Why do we perform standardization or normalization?

Because many algorithms run faster when handling standardized or normalized data. For example:

  • Linear Regression
  • KNN (K-Nearest Neighbors)
  • Neural Networks (NN)
  • Support Vector Machines (SVM)
  • PCA (Principal Component Analysis)
  • LDA (Linear Discriminant Analysis)

Generating Test Data

Data is generated using functions under np.random. Here, beta distribution, exponential distribution, normal distribution, and a normal distribution with different mean and scale are generated.

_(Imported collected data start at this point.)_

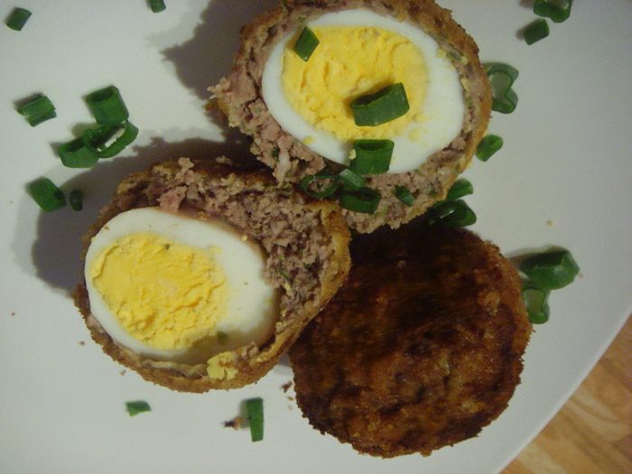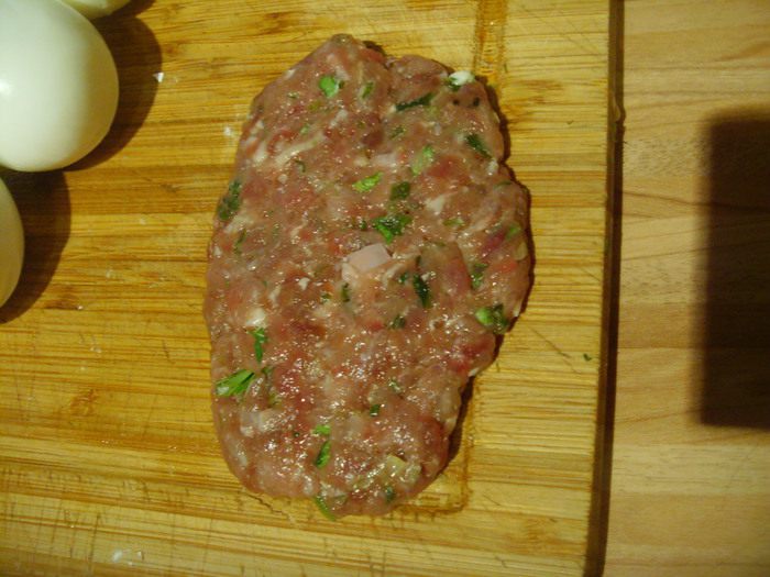 Облепить фаршем, постараться, чтоб фарш обхватил яйцо равномерно со всех сторон. Обвалять в муке, взбитом яйце.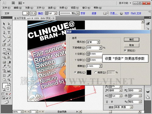 (21)执行"效果"→"风格化"→"投影"命令,为文本添加投影效果。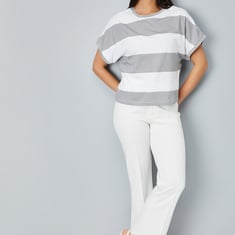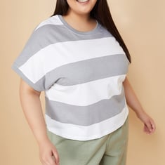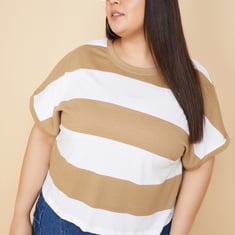 Keep it casual and stylish with this striped T-shirt. Featuring a round neck, extended half sleeves, and a straight hem, it offers a timeless look that’s perfect for everyday wear. Model Size :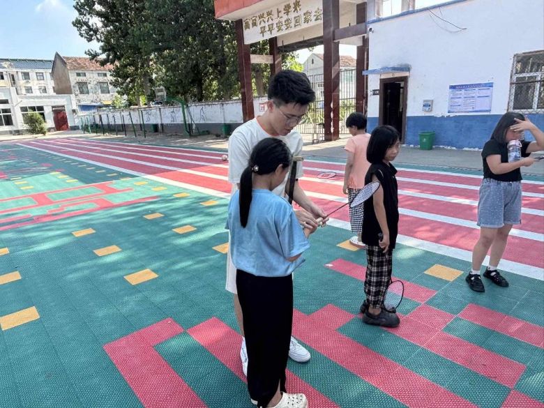 體育課上,活力在關(guān)莊小學(xué)的操場上盡情釋放。在;,刁月芹等老師們的帶領(lǐng)下,同學(xué)們手拉手圍成一個大圓圈,先后體驗了充滿節(jié)奏感的奧爾夫音樂游戲和丟手絹。奧爾夫游戲時,孩子們隨著音樂自由奔跑跳躍,盡顯童真活力;而當(dāng)“Stop”指令響起,又能瞬間“定格”,秩序井然。一動一靜之間,歡聲笑語回蕩在整個操場。操場另一側(cè),羽毛球課堂上羅鈺老師為孩子們講解著最基礎(chǔ)的發(fā)球姿勢,并在和學(xué)生對練的過程中一對一指導(dǎo)學(xué)生發(fā)球姿勢的不足之處,每個孩子在反復(fù)練習(xí)中初步掌握了發(fā)球的要領(lǐng)。這節(jié)遲來的戶外體育課,不僅彌補了首次因天氣取消的遺憾,也為同學(xué)們打開了通往羽毛球世界的第一扇門。

The code is as follows:

import numpy as np
import pandas as pd
import matplotlib.pyplot as plt
import seaborn as sns
# Set seed to ensure reproducibility
np.random.seed(1024)
data_beta = np.random.beta(1,2,1000)
data_exp = np.random.exponential(scale=2,size=1000)
data_nor = np.random.normal(loc=1,scale=2,size=1000)
data_bignor = np.random.normal(loc=2,scale=5,size=1000)
# Create dataframe
df = pd.DataFrame({"beta":data_beta,"exp":data_exp,"bignor":data_bignor,"nor":data_nor})
df.head()
# 	beta	exp	bignor	nor
# 0	0.383949	1.115062	5.681630	3.384865
# 1	0.328885	0.831677	7.175799	3.036709
# 2	0.048446	8.407472	4.119069	-2.049115
# 3	0.108803	8.125079	10.164492	1.026024
# 4	0.376316	2.721583	6.848210	3.390942

View the distribution curves of this dataset:

sns.displot(df.melt(), x="value", hue="variable", kind="kde")
plt.savefig("origin.png", dpi=200)

origin

Comparing Data Changes After Different Processing

We apply MinMaxScaler, RobustScaler, and StandardScaler respectively and compare the results.

MinMaxScaler

from sklearn.preprocessing import MinMaxScaler
df_minmax = pd.DataFrame(MinMaxScaler().fit(df).transform(df), columns=df.columns)
sns.displot(df_minmax.melt(), x="value", hue="variable", kind="kde")
plt.savefig("minmaxscaler.png", dpi=200)
plt.close()

Data after MinMaxScaler transformation looks like this:

	beta	exp	bignor	nor
0	0.402556	0.077887	0.623988	0.662302
1	0.344735	0.058066	0.671804	0.635879
2	0.050261	0.587947	0.573984	0.249901
3	0.113638	0.568196	0.767447	0.483282
4	0.394540	0.190253	0.661321	0.662763

Distribution is:

minmaxscaler

RobustScaler

from sklearn.preprocessing import RobustScaler
df_rsca = pd.DataFrame(RobustScaler().fit(df).transform(df), columns=df.columns)
sns.displot(df_rsca.melt(), x="value", hue="variable", kind="kde")
plt.savefig("robustscaler.png", dpi=200)
plt.close()

Data after RobustScaler transformation looks like this:

	beta	exp	bignor	nor
0	0.284395	-0.141315	0.551292	0.923234
1	0.126973	-0.278467	0.779068	0.790394
2	-0.674763	3.388036	0.313090	-1.150118
3	-0.502211	3.251365	1.234674	0.023211
4	0.262573	0.636202	0.729129	0.925553

Distribution is:

robustscaler

StandardScaler

from sklearn.preprocessing import StandardScaler
df_std = pd.DataFrame(StandardScaler().fit(df).transform(df), columns=df.columns)
sns.displot(df_std.melt(), x="value", hue="variable", kind="kde")
plt.savefig("standardscaler.png", dpi=200)
plt.close()

Data after StandardScaler transformation looks like this:

	beta	exp	bignor	nor
0	0.252859	-0.460413	0.711804	1.207845
1	0.012554	-0.600899	1.008364	1.030065
2	-1.211305	3.154733	0.401670	-1.566938
3	-0.947902	3.014740	1.601554	0.003337
4	0.219547	0.336005	0.943345	1.210949

Distribution is:

standardscaler

Summary

This article summarized various methods of standardization and normalization, the benefits of using these methods, and their effects on data distribution. Generally speaking, using standardization is the more common practice.